▶ [Your assignment] Transcribe the listing in full, word for word; pictures do not belong in the copy.

··· Data block

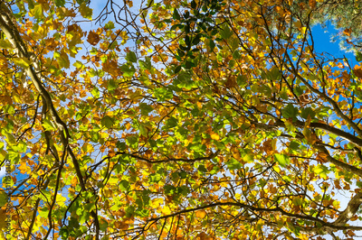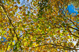 Autumn golden yellow canadian maple leaves background. Bright fall foliage wallpaper. Selective focus and shallow DOF
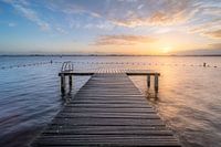 De Braassemmermeer bij zonsopkomst. Een populaire watersportlocatie met overal aanlegsteigers en een prachtig uitzicht over het water.
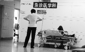 昨日中午,海淀医院一楼大厅内,50多岁的郝某被安置在一张临时床位上,左手腕缠绕的纱布几乎被血渗透,灰色衬衣遍布血迹,一位自称是其邻居的李女士在旁陪同。

······

▶ [Task solution]
 Autumn golden yellow canadian maple leaves background. Bright fall foliage wallpaper. Selective focus and shallow DOF
 De Braassemmermeer bij zonsopkomst. Een populaire watersportlocatie met overal aanlegsteigers en een prachtig uitzicht over het water.
 昨日中午,海淀医院一楼大厅内,50多岁的郝某被安置在一张临时床位上,左手腕缠绕的纱布几乎被血渗透,灰色衬衣遍布血迹,一位自称是其邻居的李女士在旁陪同。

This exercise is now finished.